### Work request:
Copy, pictures aside: the lines below from the one that holds "عرض مركز التوثيق" through the final line of the listing, both ends included, exactly as they are and nothing else.

### Stored data:

================

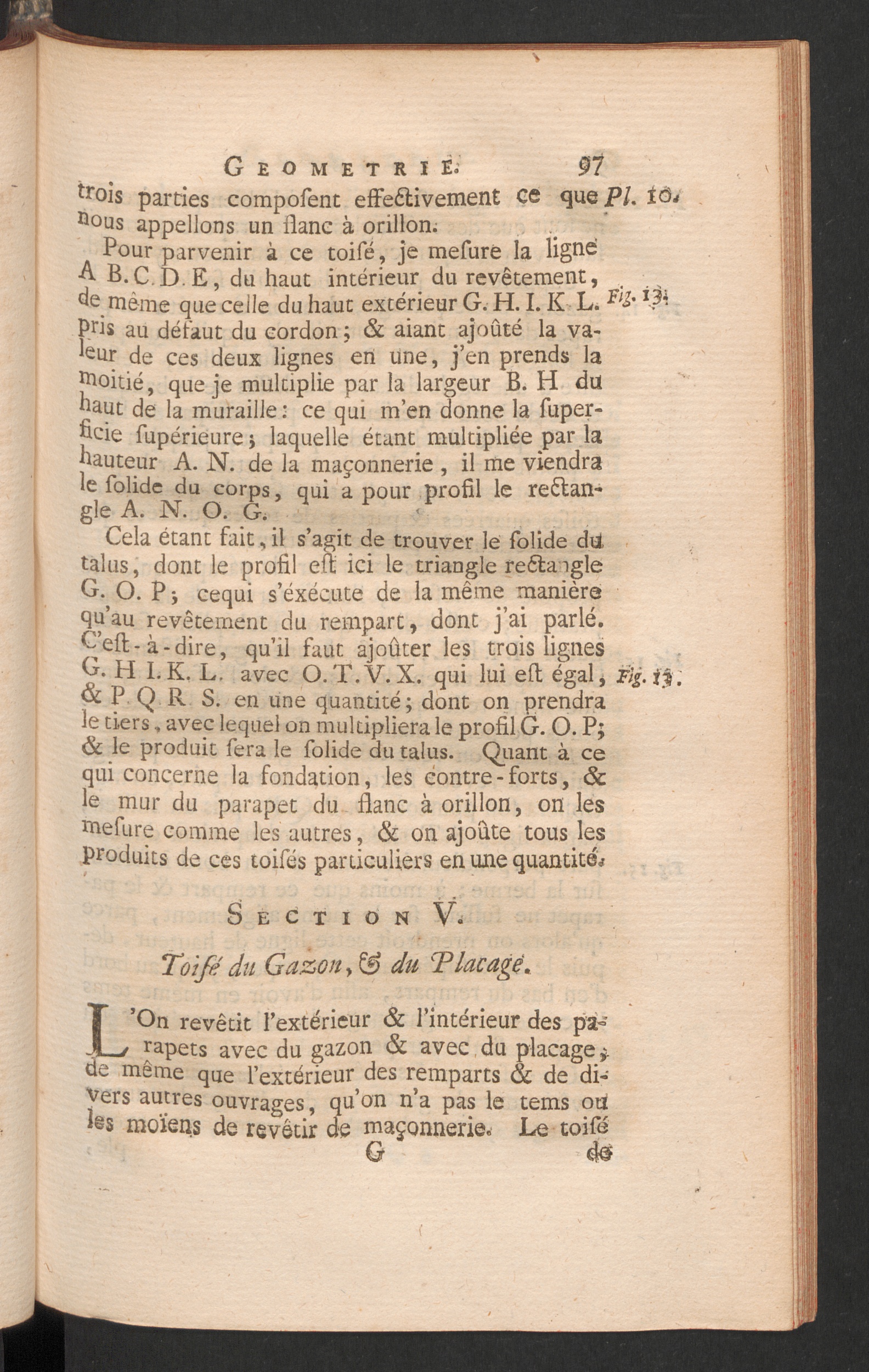 Cela étant fait, il s’agit de trouver le solide diitalus, dont le profil est ici le triangle rectangleG. O. P ; cequi s’éxécute de la même manièrequ'au revêtement du rempart, dont j ai parlé.C’est-à-dire, qu’il faut ajoûter les trois lignesG. H I. K. L. avec O.T.V.X. qui lui est égal j Etz. tZ& P Q R 8. en une quantité; dont on prendrale tiers, avec lequel on multipliera le profil G. O. P;
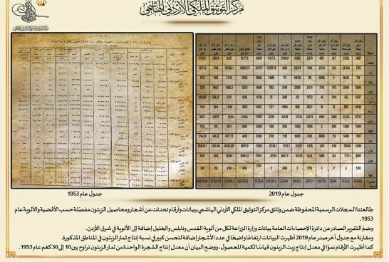 عرض مركز التوثيق الملكي الأردني الهاشمي، اليوم الثلاثاء، وثيقة توضح بيانات وأرقام عن أشجار ومحاصيل الزيتون، مفصلة حسب الأقضية والألوية عام 1953. وأوضح المركز في بيان، أن تقريرا صادرا عن دائرة الإحصاءات العامة، ضم بيانات وزارة الزراعة لكل من ألوية القدس ونابلس والخليل، إضافة إلى الألوية في شرق الأردن، ومقارنة مع جدول آخر، صدر عام 2019. واشار الى ان البيانات اظهرت ارتفاعا واضحا في عدد الأشجار وتحسنا كبيرا في نسبة إنتاج ثمار الزيتون في المناطق المذكورة. كما أظهرت الأرقام نموا في معدل إنتاج زيت الزيتون قياسا لكمية المحصول، حيث أن معدل إنتاج الشجرة الواحدة من ثمار الزيتون، تراوح بين 10 إلى 30 كيلو غراما عام 1953.
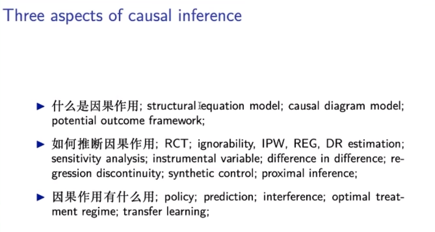 (2)如何推断因果作用:包括随机化试验、可忽略性、敏感性分析、断点回归、工具变量、合成对照、近端推断等方法;

================

### Solution to the problem:
 عرض مركز التوثيق الملكي الأردني الهاشمي، اليوم الثلاثاء، وثيقة توضح بيانات وأرقام عن أشجار ومحاصيل الزيتون، مفصلة حسب الأقضية والألوية عام 1953. وأوضح المركز في بيان، أن تقريرا صادرا عن دائرة الإحصاءات العامة، ضم بيانات وزارة الزراعة لكل من ألوية القدس ونابلس والخليل، إضافة إلى الألوية في شرق الأردن، ومقارنة مع جدول آخر، صدر عام 2019. واشار الى ان البيانات اظهرت ارتفاعا واضحا في عدد الأشجار وتحسنا كبيرا في نسبة إنتاج ثمار الزيتون في المناطق المذكورة. كما أظهرت الأرقام نموا في معدل إنتاج زيت الزيتون قياسا لكمية المحصول، حيث أن معدل إنتاج الشجرة الواحدة من ثمار الزيتون، تراوح بين 10 إلى 30 كيلو غراما عام 1953.
 (2)如何推断因果作用:包括随机化试验、可忽略性、敏感性分析、断点回归、工具变量、合成对照、近端推断等方法;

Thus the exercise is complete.